Can communities and businesses limit human rights infringements by working together? Yes, here’s how
Fusing community- and company-led HRIA methodologies, or conducting parallel processes, could enable companies to minimize human rights infringements experienced by local communities.
Should a human-rights impact assessment (HRIA) of a company identify risks of the company or the community? Most HRIAs are designed with one or the other in mind. But it doesn’t have to be this way.
A new Oxfam America report, Community Voice in Human Rights Impact Assessments, discusses these issues and highlights several case studies that demonstrate the lack of meaningful engagement with communities in HRIAs. More importantly, the report explains how incorporating robust community voice into HRIAs can yield positive human rights outcomes and improve a company’s bottom line.
Businesses with projects that impact vulnerable communities are starting to use HRIAs to manage risks, thanks to the UN Guiding Principles on Business and Human Rights. However, as businesses assess the potential impact of their projects, they often fail to meaningfully engage with the very people whose rights they are at risk of violating. Rather, they rely heavily on desk research or interview only government officials and international nongovernmental organizations (INGOs). This oversight undermines the very purpose of HRIAs. While governments and international INGOs offer unique perspectives, they are not substitutes for strong community engagement.
Community-led HRIAs, not surprisingly, have a better sense of the impact business investments are having on them. Getting It Right, a community-led HRIA tool created by Canadian non-profit Rights & Democracy and promoted by Oxfam America, considers a community’s human rights concerns first, rather than starting from the company’s perspective. Using this tool, communities can shape a project, mitigate impacts, and outline remedies. But even then, community-led HRIAs have no binding authority and companies can accept or reject findings as they see fit.

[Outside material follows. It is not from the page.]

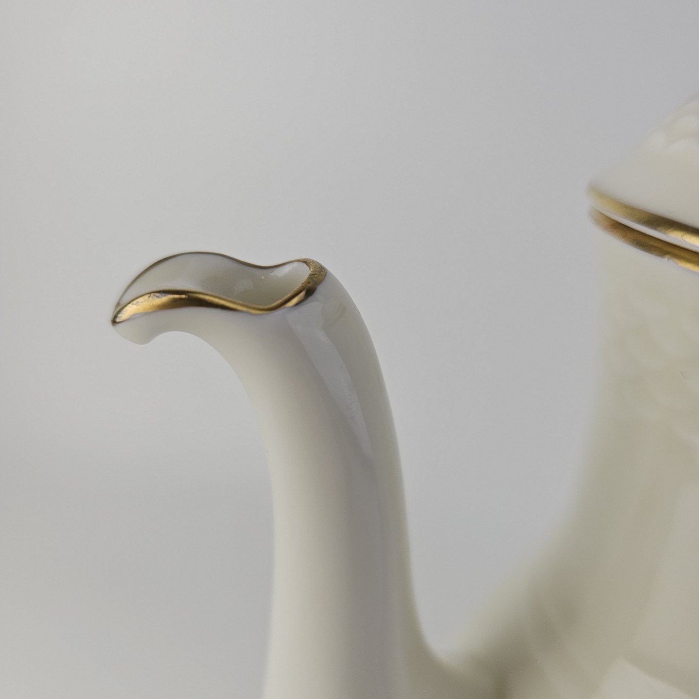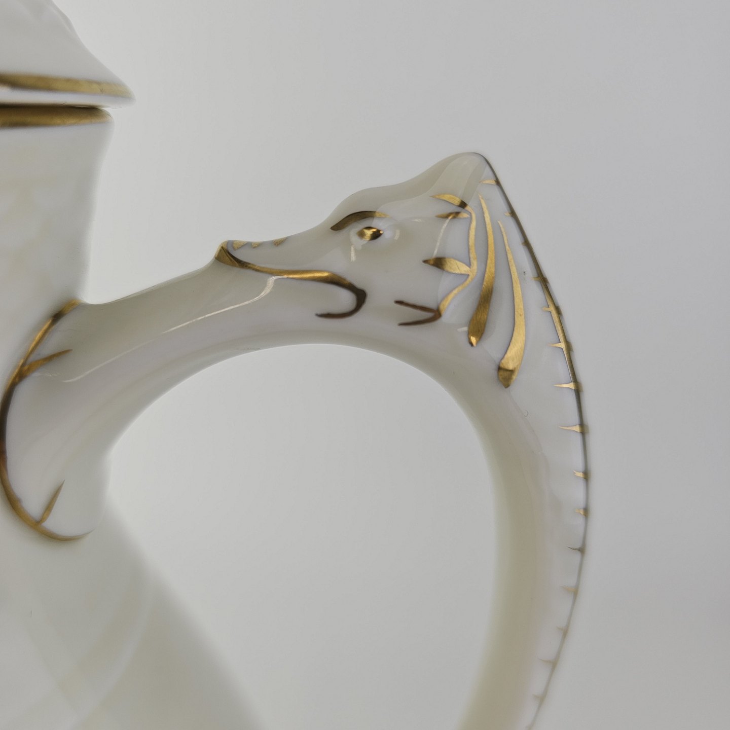 Frigga Anemone er cremefarvet porcelæn dekoreret med motiv af anemoner og bøgeløv med guldkant

Community Voice in Human Rights Impact Assessments suggests a third way may be possible: HRIAs conducted in a jointly managed process or, alternatively, in parallel processes with companies and communities informing one another of their HRIAs. Though implementation challenges remain, fusing community- and company-led HRIA methodologies or conducting parallel processes could enable companies to minimize human rights infringements experienced by local communities, while internalizing the lessons into their organization for use in future operations.
We are realists, just the same. So, even if companies take up a hybrid approach, there will always be projects where those companies refuse to engage communities, acknowledge their impacts, or properly address them. In such instances, the Getting It Right tool will continue to serve communities in their quest for human rights realization.